Had this one a bit now, but started to sound off-key & wouldn't keep time....










Sent to KeithT who has done a great job & I am delighted with the result - very accurate timekeeping.


















Apologies for the Q&D pics taken with the last of this afternoons light!

Thanks again Keith


----------



## strange_too (Feb 19, 2007)

Very nice









Well done Keith


----------



## foztex (Nov 6, 2005)

Blue dial, sweet.

nice one mate and well done Keith for the fettling. 2 o'clock crown too, very cool. Ive only ever seen those with slate dials.










please do some better pics









Andy


----------



## Agent orange (Feb 11, 2006)

Congrats Bladey and if you want some better pics just send it to me







. And well done to Keith for getting it all running properly.

Cheers,

Gary


----------



## Bladerunner (Jun 4, 2006)

Bladey?









Thanks for the kind words chaps - will _eventually _ (ask Jon & Jase - they know my timescales!) take some more pics.


----------



## JonW (Mar 23, 2005)

Superb news Alan - get the camera out!


----------



## PhilM (Nov 5, 2004)

Mate that looks to be in great condition, great to see it finally on the forum


----------



## Bladerunner (Jun 4, 2006)

JonW said:


> Superb news Alan - get the camera out!


Thanks Jon - I thought it wasn't a bad sketch though!


----------



## jasonm (Nov 22, 2003)

Looks good Bladey







( How about Boris?
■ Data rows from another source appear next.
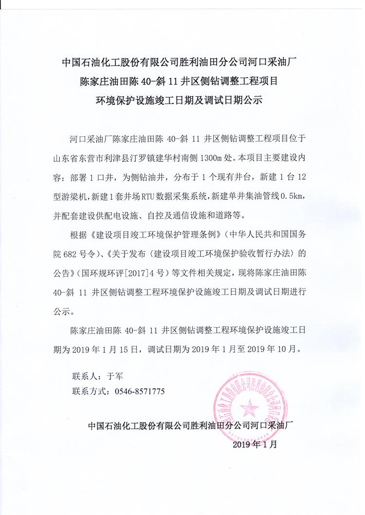 中國石油化工股份有限公司勝利油田分公司河口采油廠陳家莊油田陳40-斜11井區(qū)側(cè)鉆調(diào)整工程項目 環(huán)境保護設(shè)施竣工日期及調(diào)試日期公示
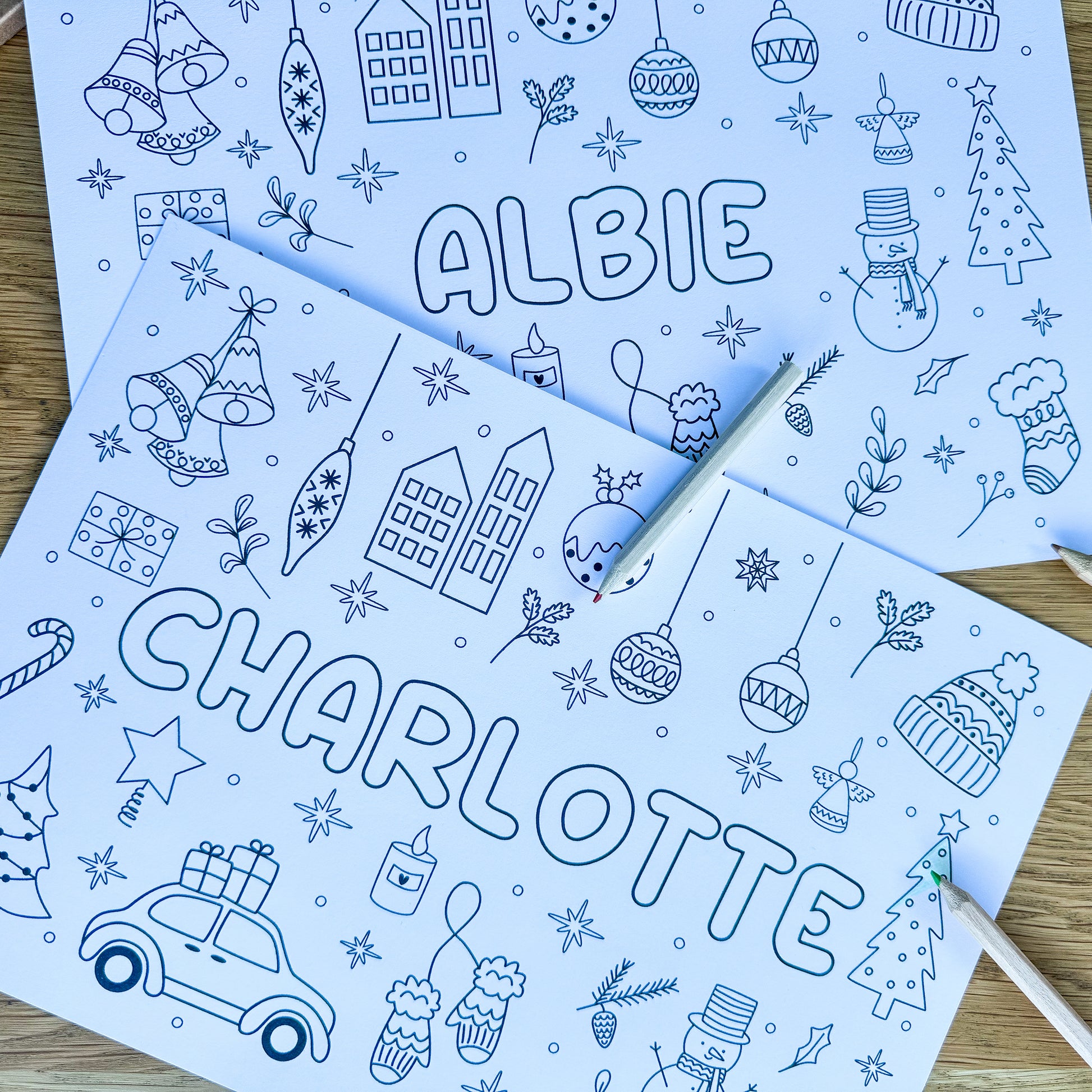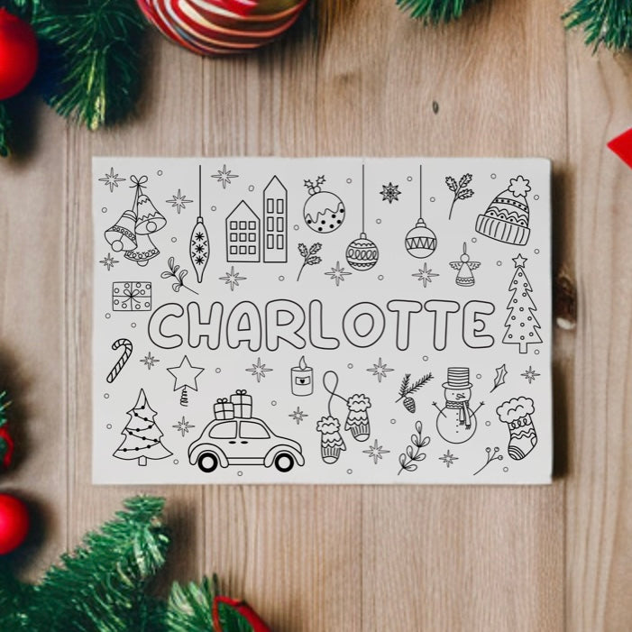 Customise with any name for a personal touch, and let the little ones explore their creativity with plenty of Christmas elements to colour in. A fun and practical addition to any festive table setting! Perfect for Christmas dinners, parties, or holiday crafts.
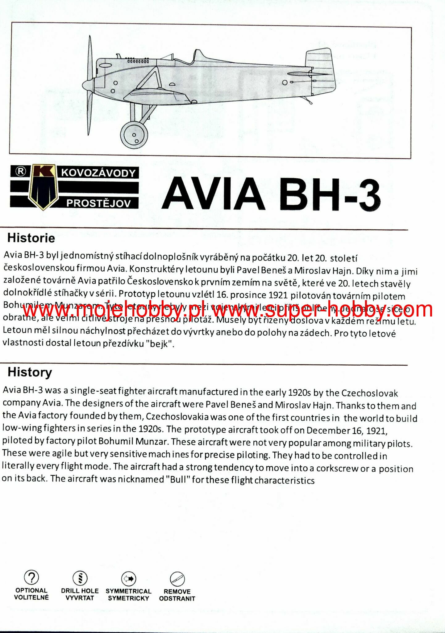 Designers Pavel Benes and Miroslav Hajn made their debut with the BH-1 Experimental monoplane. In 1920. it was awarded at the aviation exhibition in Prague. The further development of this design led to the creation of the BH-1bis aircraft, and later the Avia BH-3 fighter. The first flight of the prototype took place in 1921. It showed good flight properties and after introducing a few corrections on June 16, 1921. was presented to representatives of military aviation. The wing structure was damaged during the flight. The flying pilot Munzar was killed. The army, however, did not give up on the purchase of the plane, especially since the presentation of the second prototype went smoothly. Of the 10 serial Avii ordered, the first went to the squadrons in August 1923. This type of aircraft had a disastrous reputation for flight instability and a tendency to spin. As a result, they quickly disappeared from linear units. For some time they were used for training at the flight school in Cheb. The Avia BH-4 was a further development of this design. Construction: completely wooden, single-engine, single-seat, low-wing low wing. Classic, two-wheeled, fixed undercarriage. The drive was a BMW III in-line engine with 136 kW (185 hp). Armament: 2 synchronized 7.7mm Vickers MGs located above the engine. Other technical data: Maximum speed: 240 km / h, speed of climb: 7.9 m / s, maximum ceiling 7800 m, maximum range: 500 km.
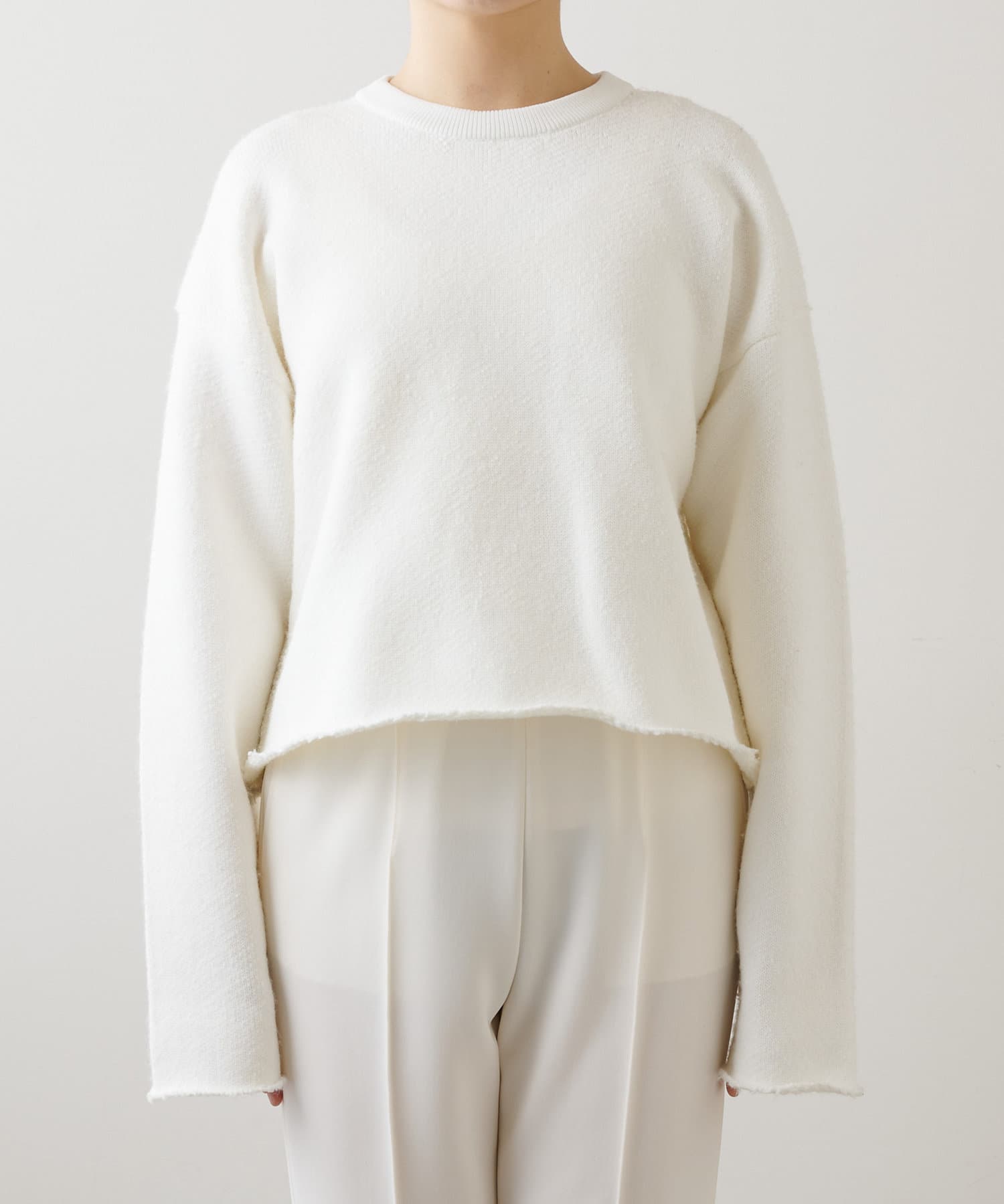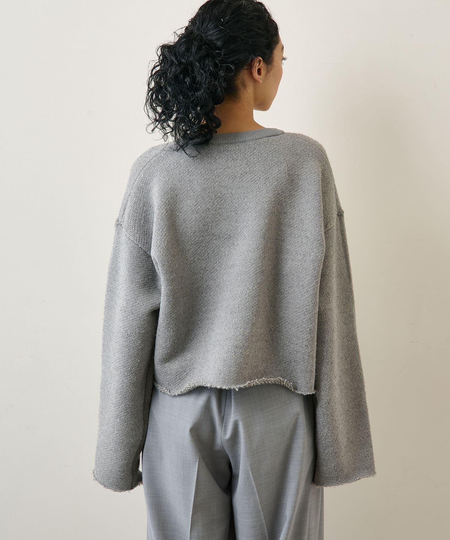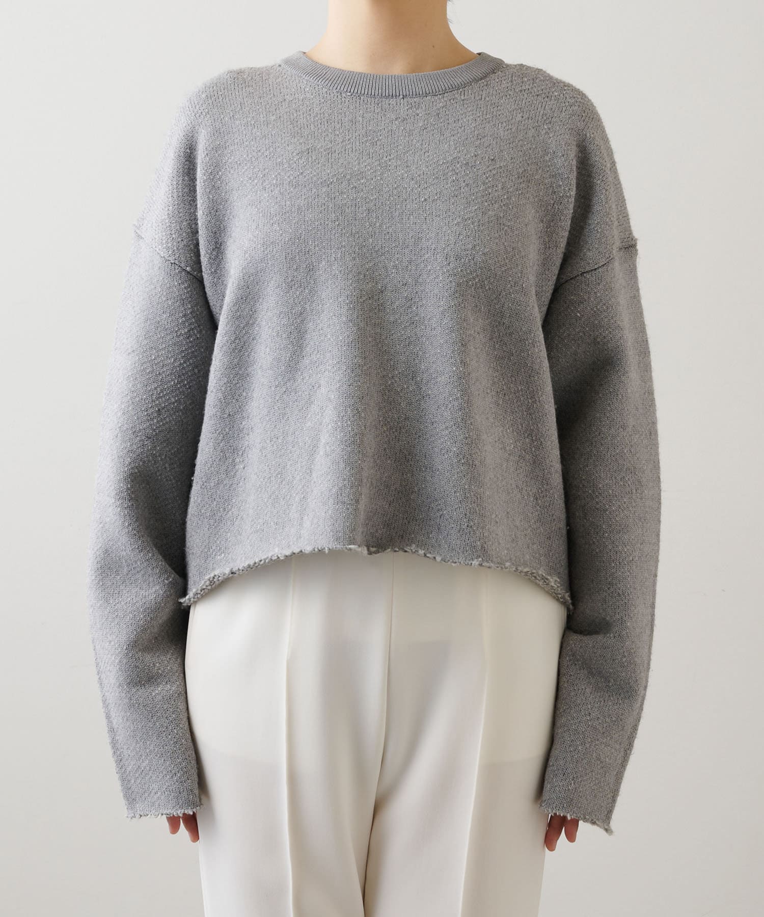 ■裁ち切りのヘムが一枚でも様になり、シャツなどをレイヤードしても楽しめるニットアイテム。
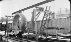 Avløpsrøret i tre innen nedsenking utenf... Fotograf Ukjent – 1931
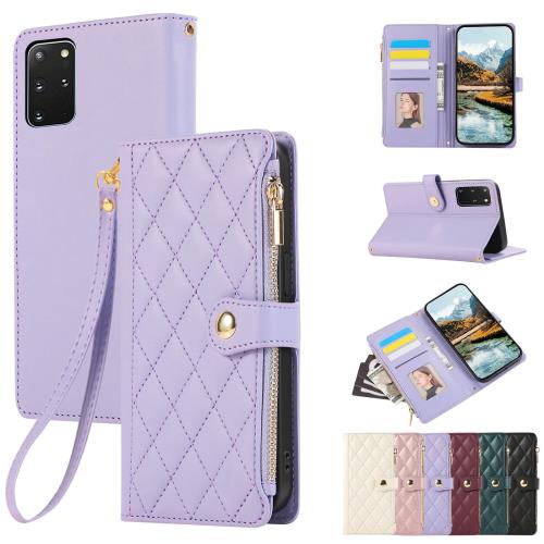 Rosbtib Galaxy S20 Plus ケース 手帳型 財布型 カバー SC-52A ケース Galaxy S20+ 5G ケース おしゃれ ファスナー型 小銭入れ SCG02 ケース カード収納 携帯カバー ギャラクシーS20プラス ケース 刺繍 高級PUレザー 肌触り良い Galaxy S20 Plus スマホケース ストラップ付 マグネット式 スタンド機能 全面保護(パープル)
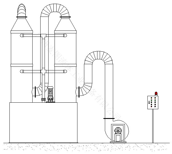 本裝置由單塔或串聯(lián)的雙塔組成,雙塔具有多級(jí)吸收功能,能確保將泄漏出來的氯氣及時(shí)吸收,并進(jìn)行無害化處理。當(dāng)有氯氣泄露時(shí),由于氯氣比空氣的比重大,因而外泄的氯氣總是下沉。從氯瓶中跑出的液氯,流到地面或地溝后迅速氣化,安裝在氯庫的氯氣檢測(cè)報(bào)警儀檢測(cè)到微量氯氣后自動(dòng)報(bào)警,啟動(dòng)漏氯吸收保護(hù)裝置,其引風(fēng)機(jī)通過地面上的引風(fēng)管,把外泄的氯氣抽到反應(yīng)塔進(jìn)行處理。耐腐蝕泵將溶液箱中的溶液送到兩個(gè)反應(yīng)塔。在塔內(nèi),循環(huán)泵產(chǎn)生的高壓反應(yīng)液由噴嘴產(chǎn)生霧化,氣體從第一個(gè)吸收塔由下向上開始升流,與塔頂噴灑下的吸收液在填料中相互接觸。一部分氣被吸收,其余的通過中間管進(jìn)入第二吸收塔,再進(jìn)行第二次吸收。
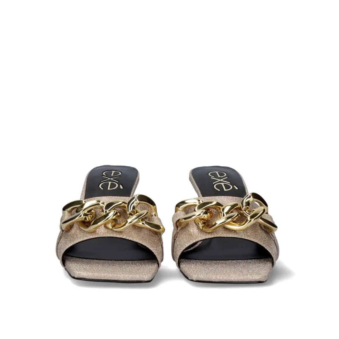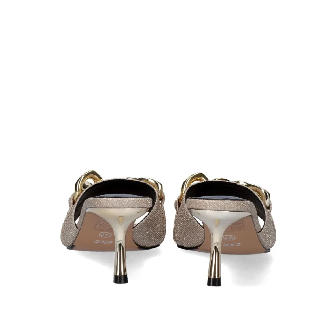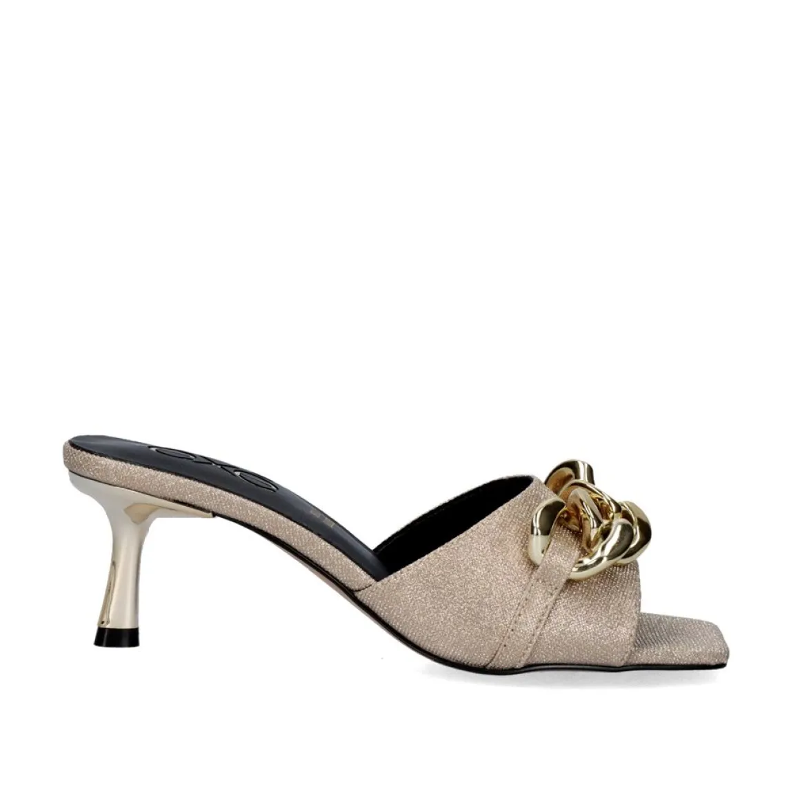 Sandalia Detalonada Com Salto Baixo De 6 Cm E Palmilha De Couro. A Pa E Brilhante Com Ornamento Em Forma De Corrente.
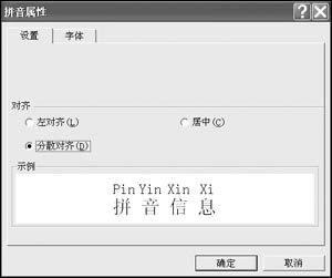 一般情况下,由于拼音缺省使用半角字符,而且又缺省使用左对齐模式,因此看起来不是那么美观。建议从“格式→拼音信息”菜单中打开“设置”对话框,这里不仅可以调整拼音的字体、字形、字号、下划线、颜色等格式,更妙的是还可以在“设置”选项卡中重新设置拼音与文字的对齐状态,例如左对齐、居中、分散对齐等,如图2所示,建议选择“分散对齐”,这样拼音与文字就可以一一对应了。
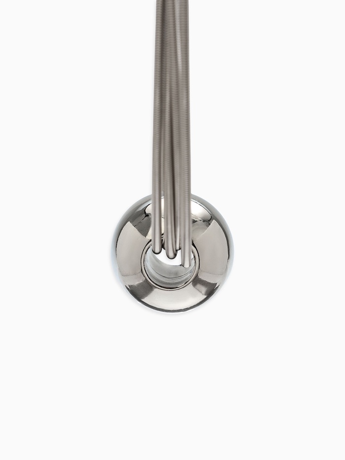 Основной акцент сделан на мелкие металлические бусинки, расположенные вдоль прозрачных шелковистых нитей. Такое расположение создает интересный оптический эффект, притягивающий взор к лицу обладательницы и раскрывающий всю глубину женской привлекательности. Лаконичные и легкие, украшения выглядят как произведение искусства, окутанное тайнами и символизмом.
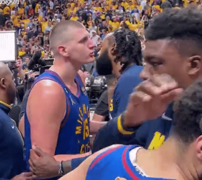 约基奇和队友亲吻庆祝:嘴对嘴都快亲上了 拿下G1仍直言不兴奋

As in 'Boris the Blade' )

Glad Kieth could sort it, I know its a favorite of yours


----------



## Bladerunner (Jun 4, 2006)

jasonm said:


> Looks good Bladey
> 
> 
> 
> ...


Boris??









Thanks Jase; I do like them - blame Jon!


----------



## jasonm (Nov 22, 2003)




----------



## Bladerunner (Jun 4, 2006)

jasonm said:


>


Ah, with it now - always remember him as Tretiak in _The Saint _rather than Yurinov in _Snatch_.


----------



## Agent orange (Feb 11, 2006)

Could've been a lot worse than Bladey Alan, might have been this guy


















Cheers,

Gary


----------



## Bladerunner (Jun 4, 2006)

Looks before my time Gary!!


----------



## Agent orange (Feb 11, 2006)

Bladerunner said:


> Looks before my time Gary!!


Ooh, now that was below the belt mate 









Cheers,

Gary


----------



## seiko6139 (Aug 25, 2003)

Nice watch!

I'd take it off the bracelet mount, and give it a good clean though.

You may find some rust under there and it's better to get it sorted asap.


----------